[expo] Animalia, le fabuleux bestiaire de la Collection Al Thani

Vue de l'exposition © The Al Thani Collection 2026. All rights reserved. Photographies par Marc Domage.

Cent vingt pièces, quatre mille ans d'histoire et un seul sujet : l'animal. À l'Hôtel de la Marine, la Collection Al Thani déploie des trésors dont beaucoup n'avaient jamais été montrés à Paris.

Pour son dixième accrochage, qui coïncide avec le cinquième anniversaire de son installation place de la Concorde, Amin Jaffer, directeur de la Collection Al Thani, a puisé dans les quelque 5 000 objets réunis par le cheikh Hamad bin Abdullah Al Thani un bestiaire de 120 pièces, du IIIe millénaire avant J.-C. au XXe siècle. Dans la pénombre de la première salle et de ses feuilles dorées qui tombent du ciel comme une pluie précieuse, sept objets tiennent le premier rôle, isolés comme des reliques. Parmi elles, une pièce de jeu en jaspe rouge gravée au nom de la reine Hatchepsout de l’Égypte antique, un souverain juché sur son éléphant taillé dans un unique bloc de cristal ou un cacatoès de calcédoine sorti des ateliers Fabergé.

Les chevaux, les lions et le pouvoir

Après cette mise en bouche quasi protocolaire, la galerie suivante est dédiée au cheval, image publique des souverains depuis des millénaires, avec notamment une minuscule jument de bronze laconienne offerte aux dieux vers 750 avant notre ère ou un poignard moghol à tête de cheval en jade datant du XVIIe siècle. Puis viennent les fauves, dont les élites de toutes les civilisations ont fait l'emblème de leur autorité, comme en témoigne la coupe à libation de Nabuchodonosor II ou ce splendide vase double en forme de lions dressés qui date du VIe siècle avant J.-C. Avant de passer aux créatures divines et fantastiques, on ne manque pas les dessins d'oiseaux réunis par Cassiano dal Pozzo (1588-1657) et les planches de l'Histoire naturelle de Buffon (1707-1788) qui marquent une étape dans l’admiration du règne animal qui devient un objet d'étude scientifique.
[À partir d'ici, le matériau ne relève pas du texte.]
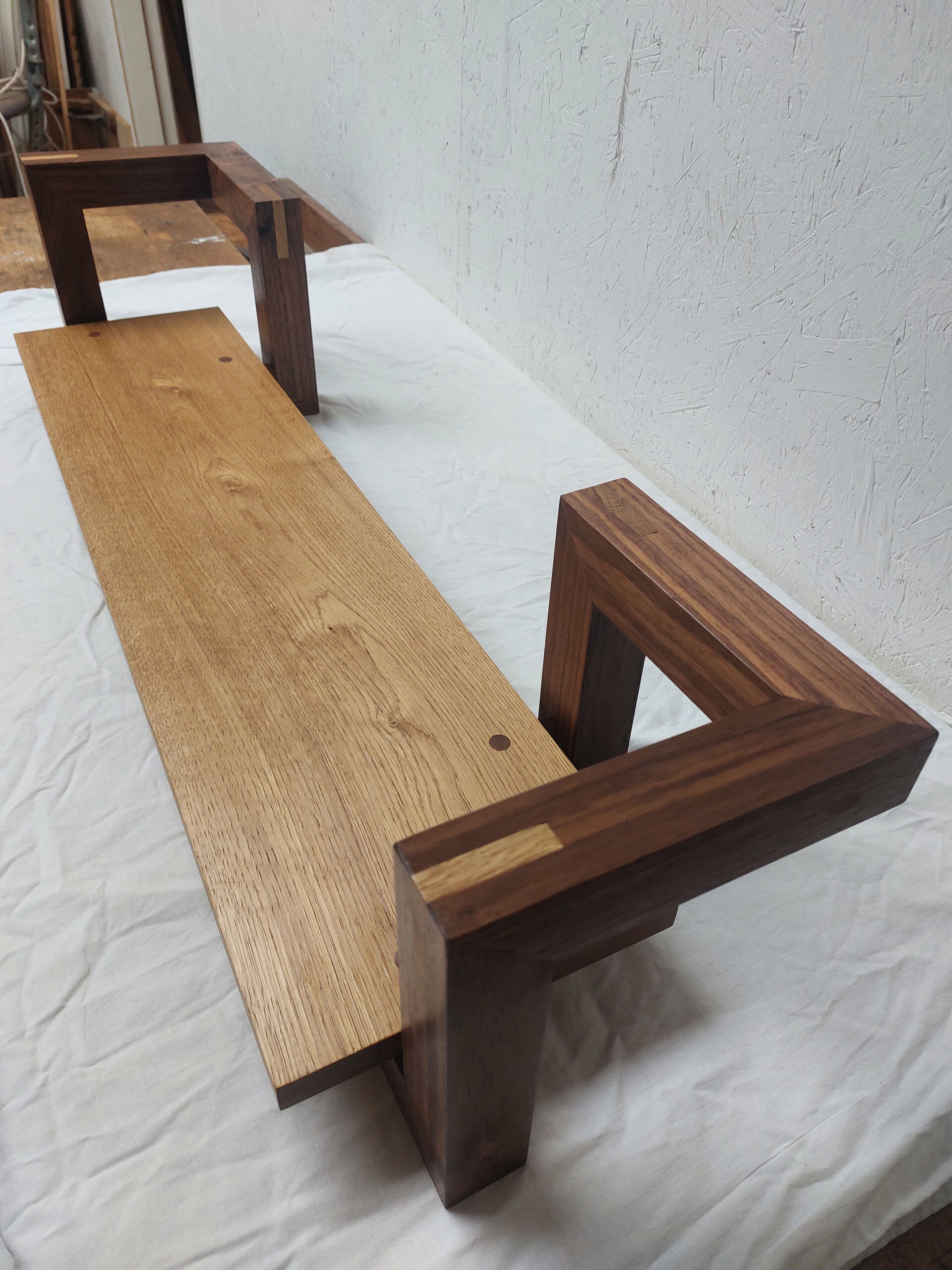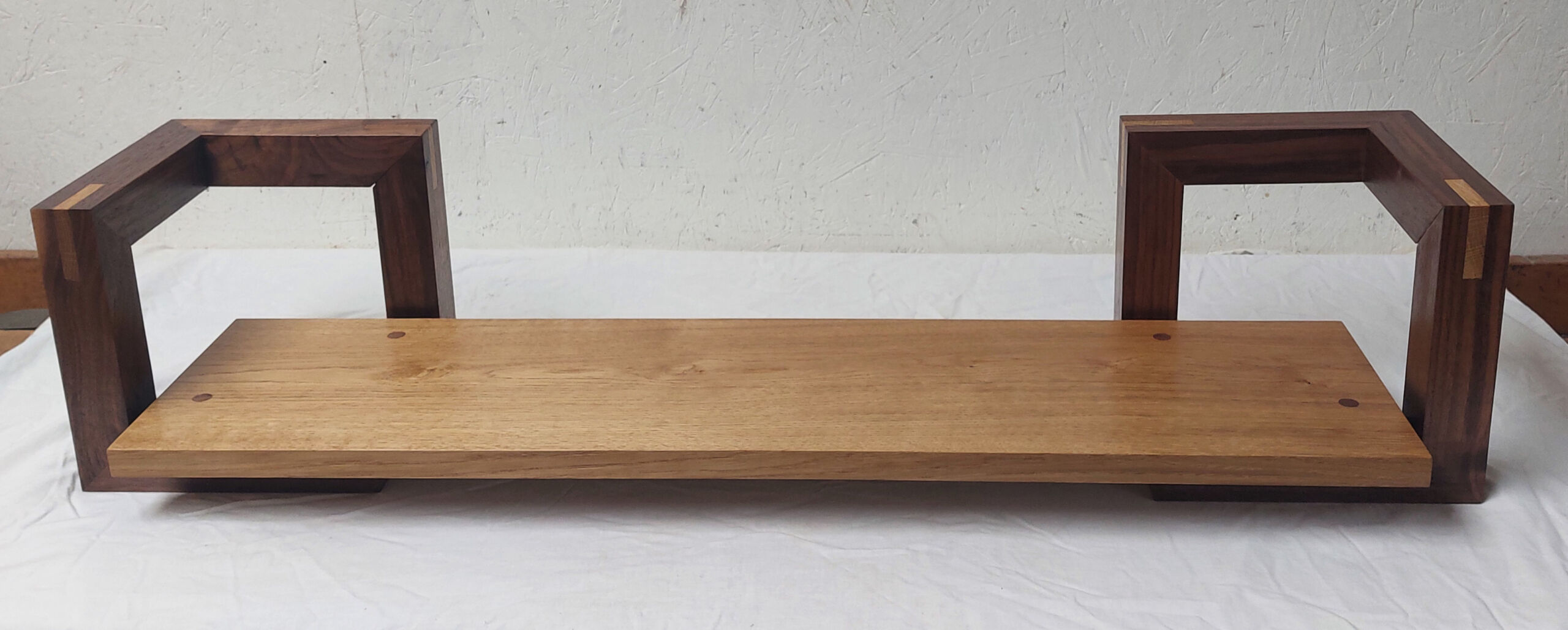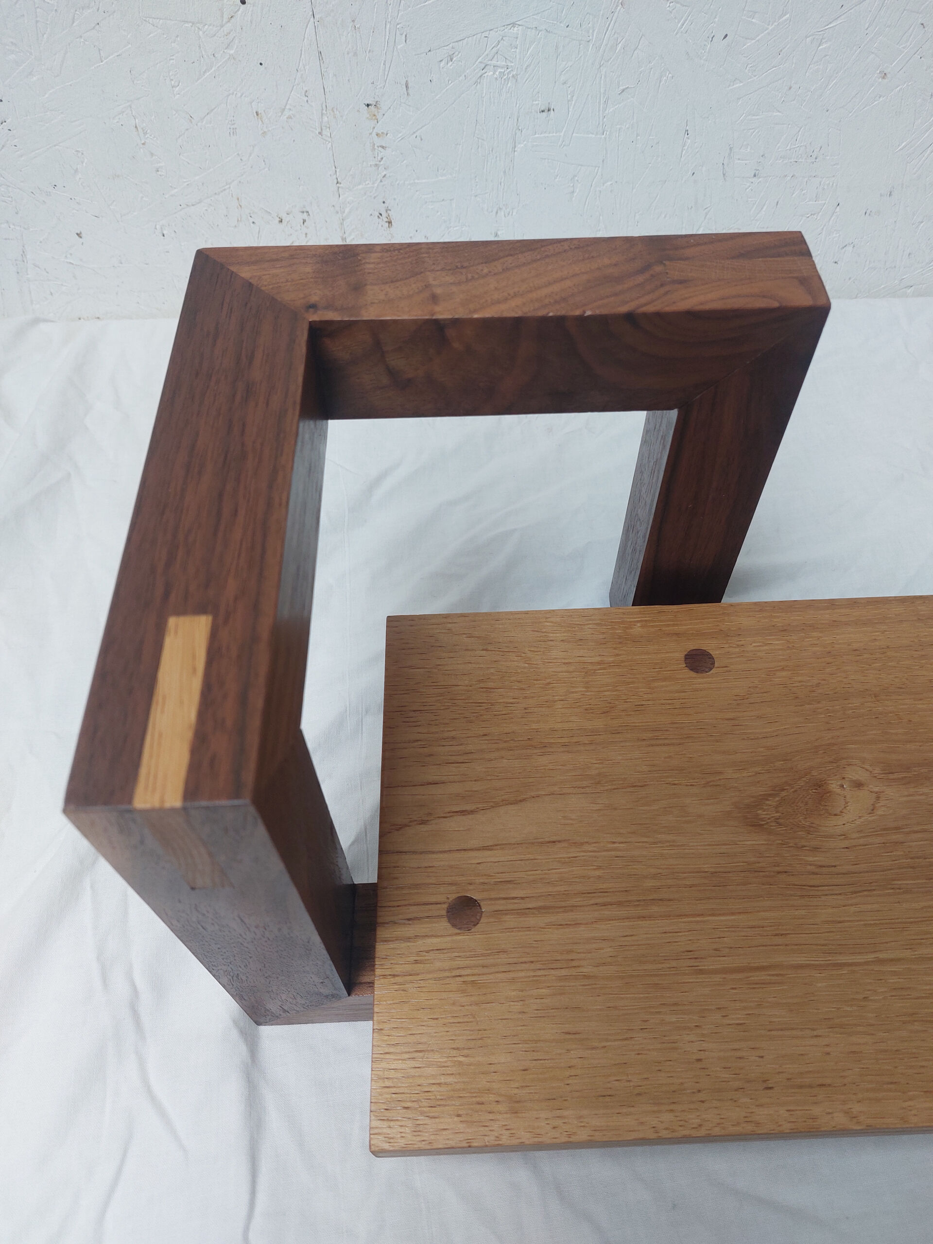 Wandplaat van Eikenhout en Amerikaans notenhout.

Aux frontières du fabuleux

La dernière partie du parcours explore les liens avec le sacré et enfin les créatures fantastiques. Thot en babouin, Sobek-Rê crocodile à tête de faucon, chaman olmèque saisi en pleine métamorphose de jaguar : partout l'animal sert d'intercesseur entre les hommes et leurs dieux. Puis surgissent des hybridations, centaures, griffons et autres monstres marins. Le parcours est dense, un conseil : approchez-vous. La plupart de ces pièces s'admirent de près pour en saisir le raffinement des détails, la précision du dessin et le geste pour le reproduire. Certaines étonnent d'autant plus qu'elles sont très anciennes.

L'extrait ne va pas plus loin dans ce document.